Dataset records:
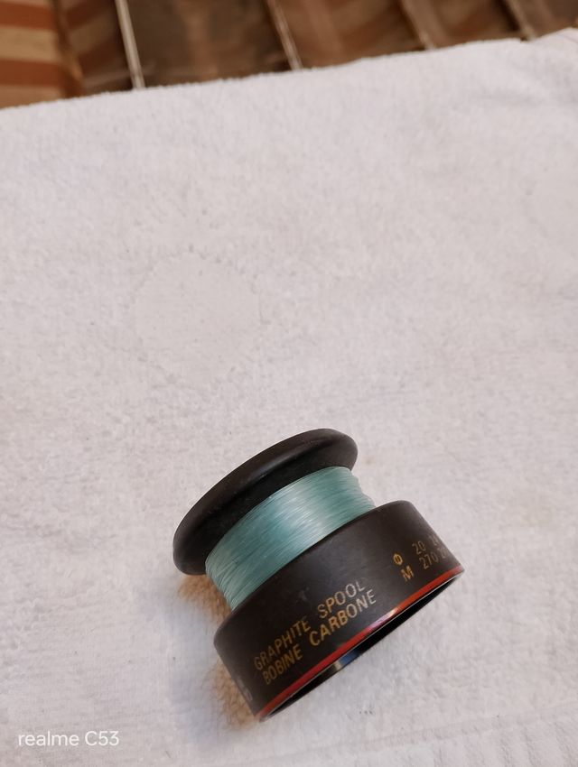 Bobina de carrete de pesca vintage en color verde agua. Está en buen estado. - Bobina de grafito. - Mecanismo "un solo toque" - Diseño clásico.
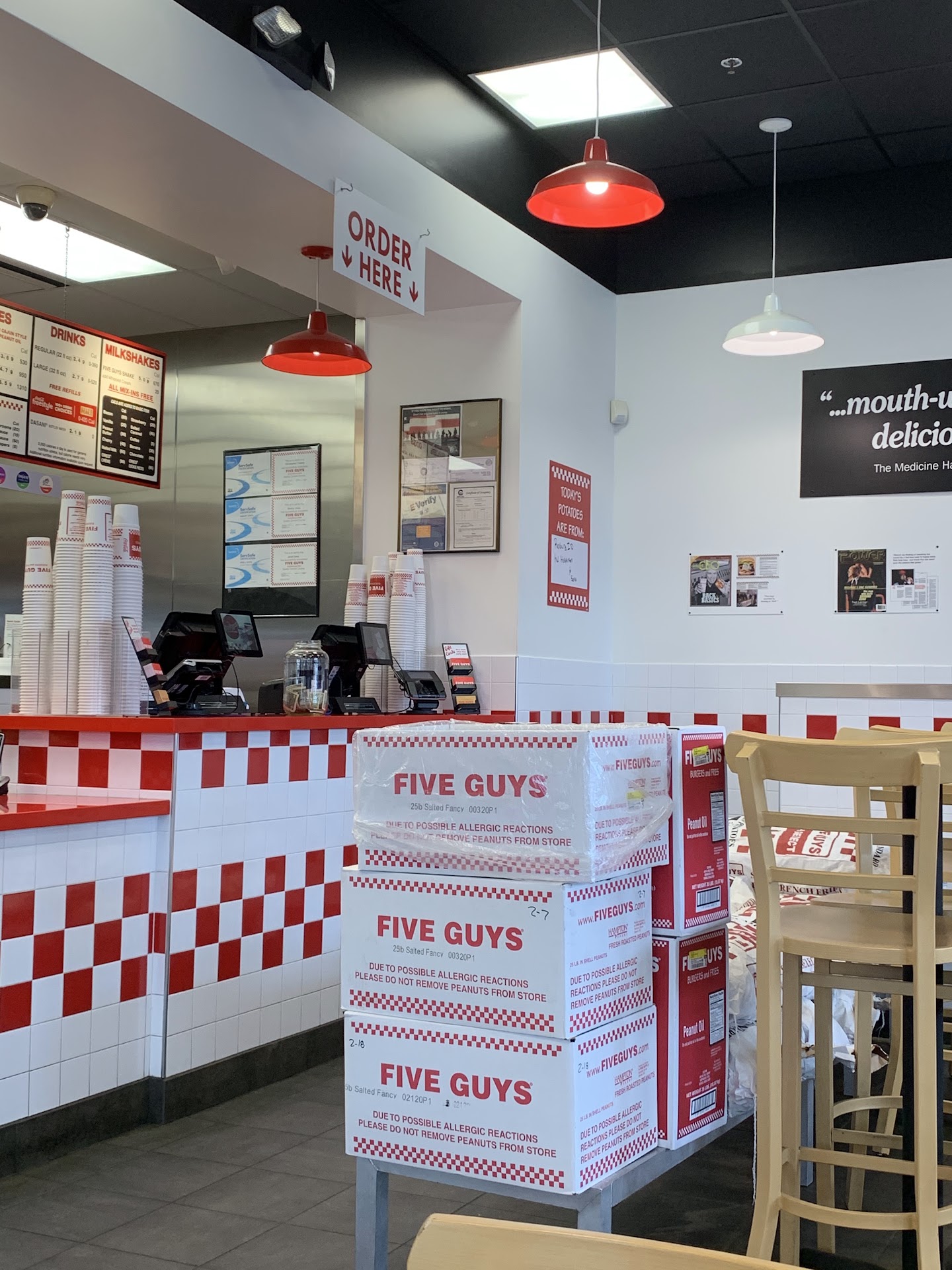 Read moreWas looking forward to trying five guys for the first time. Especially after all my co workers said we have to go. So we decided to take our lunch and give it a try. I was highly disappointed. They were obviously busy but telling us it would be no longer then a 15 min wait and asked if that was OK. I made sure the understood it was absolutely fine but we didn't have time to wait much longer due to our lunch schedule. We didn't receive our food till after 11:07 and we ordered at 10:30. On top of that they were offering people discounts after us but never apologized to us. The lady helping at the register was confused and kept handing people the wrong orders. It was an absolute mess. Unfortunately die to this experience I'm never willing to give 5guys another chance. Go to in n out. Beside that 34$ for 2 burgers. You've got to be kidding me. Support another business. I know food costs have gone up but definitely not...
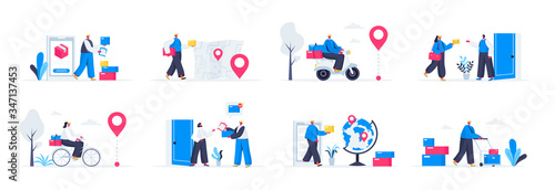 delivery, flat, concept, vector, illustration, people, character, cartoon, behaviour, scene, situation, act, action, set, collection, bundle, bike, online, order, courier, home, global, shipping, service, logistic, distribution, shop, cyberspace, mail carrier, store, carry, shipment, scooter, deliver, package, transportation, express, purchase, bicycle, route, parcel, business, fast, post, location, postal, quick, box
* * *
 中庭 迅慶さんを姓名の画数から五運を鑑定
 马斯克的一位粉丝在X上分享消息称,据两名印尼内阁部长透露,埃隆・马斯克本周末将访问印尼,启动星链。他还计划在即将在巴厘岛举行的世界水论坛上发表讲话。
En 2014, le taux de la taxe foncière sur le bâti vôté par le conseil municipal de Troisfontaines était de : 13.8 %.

Task directions: Taking the entries above, restate exactly those lines that fall between the line with "马斯克的一位粉丝在X上分享消" and the line with "En 2014, le", keeping both of those lines too.

Result of the exercise:
 马斯克的一位粉丝在X上分享消息称,据两名印尼内阁部长透露,埃隆・马斯克本周末将访问印尼,启动星链。他还计划在即将在巴厘岛举行的世界水论坛上发表讲话。
En 2014, le taux de la taxe foncière sur le bâti vôté par le conseil municipal de Troisfontaines était de : 13.8 %.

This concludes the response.